Thanks to Czechia’s fast response, the infection rate quickly dropped. There was no need to wait for the virus to be exterminated – a lower-than-before infection rate was good enough to declare an end to the pandemic. A “goodbye corona” party was held on the Charles Bridge and restrictions were mostly lifted.
Obviously, people were quickly getting infected again. In August, the government decided we needed new restrictions but thought it would be a good idea to wait for nearly a month (until September 1st) before actually putting them into effect. Masks were now mandatory again.
Despite the Czech’s obedience to rules and regulations during the “first wave”, this time people no longer cared. Nobody checked whether people followed the rules and there weren’t any consequences. It began to look as if certain people just went around coughing loudly without a mask on purpose.

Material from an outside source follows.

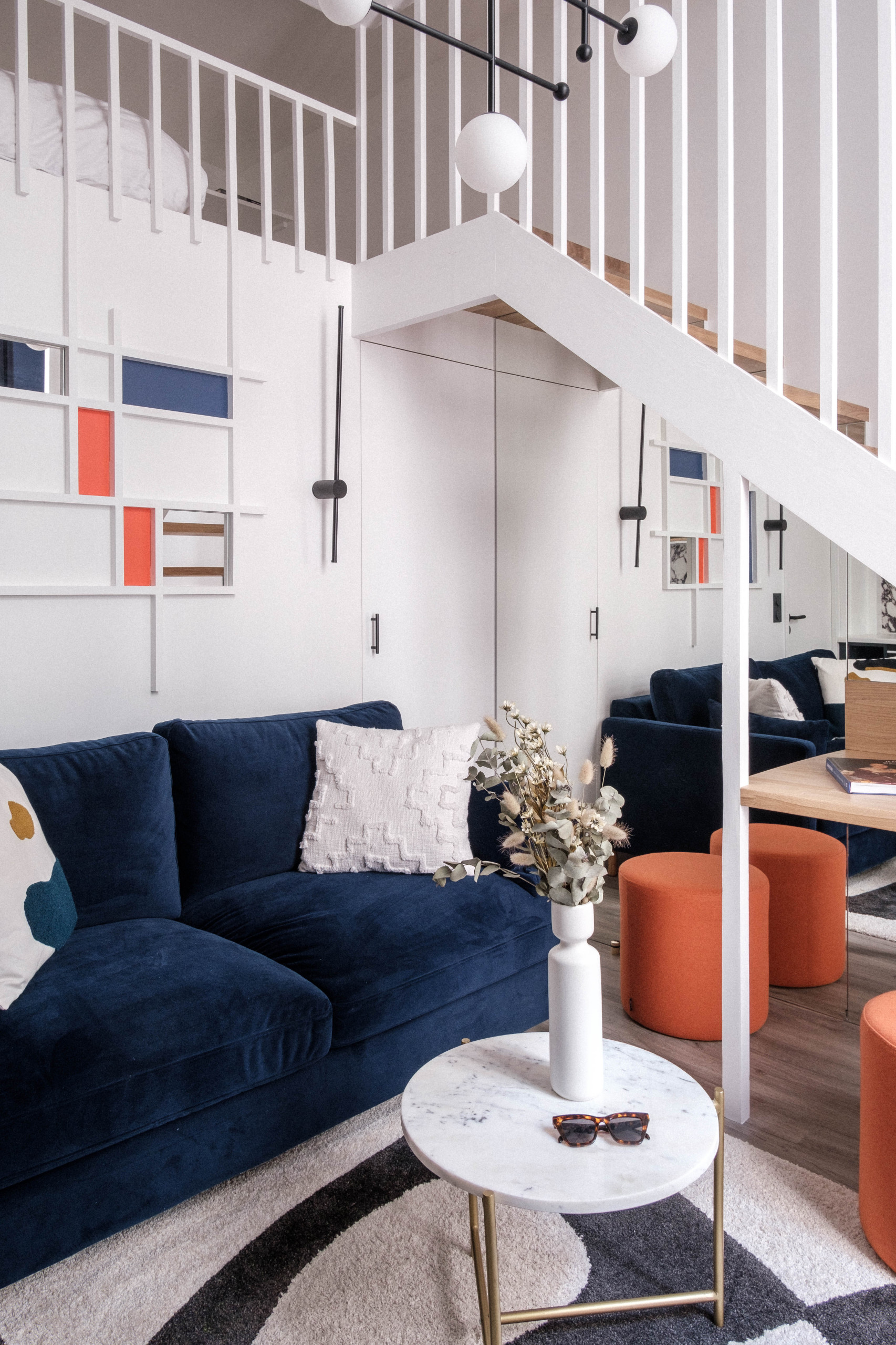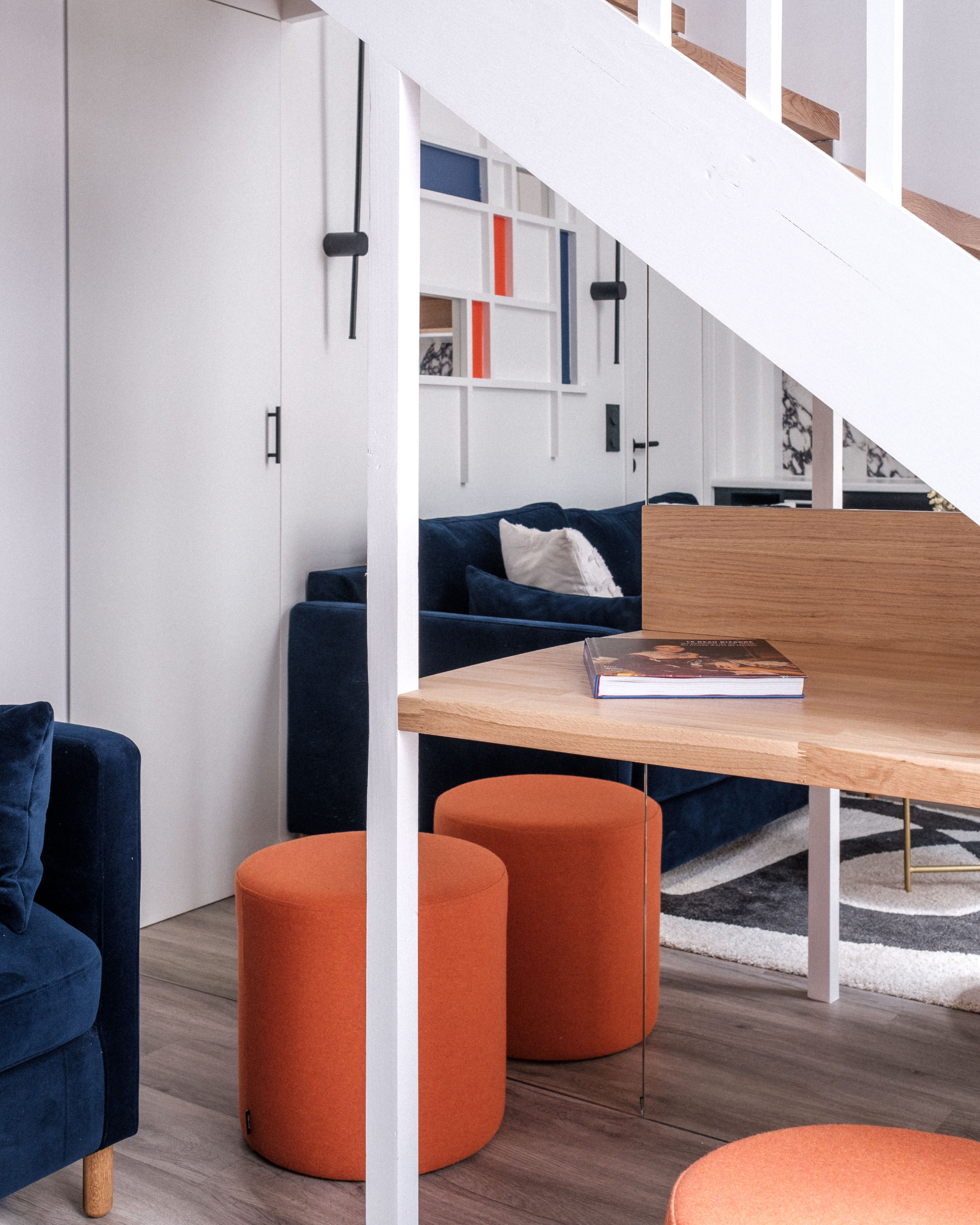 « La clé du nouvel aménagement repose sur l’escalier magistral, conçu comme un meuble sculpture », dévoile Alicia, qui a d’abord posé cet élément dans ses plans avant de construire autour un gracieux univers graphique en se basant sur une « inspiration Mondrian libre ». L’escalier a été à la fois agrandi et avancé dans la surface, de sorte à commencer dès l’entrée de la pièce, sur la droite.

Czechia went from a country with a very low infection rate to one of the world’s fastest-growing daily infections. Over time, the government implemented new restrictions, such as closing restaurants, schools and eventually all shops except for the essential ones, such as supermarkets and flower shops (yes, Czechs cannot go without their flowers). This seemingly made little difference, so the government decided the virus is probably nocturnal and introduced a curfew. With supermarkets closing at 8pm, there is now a little 3-hour window to go shopping for most people who work til 5pm. Freedom of movement was almost completely forbidden after 9pm. Whatever you would normally do in the evening, now has to be done during the day. Forcing people into crowds seems less bad than exposing people to virus at night, according to this government.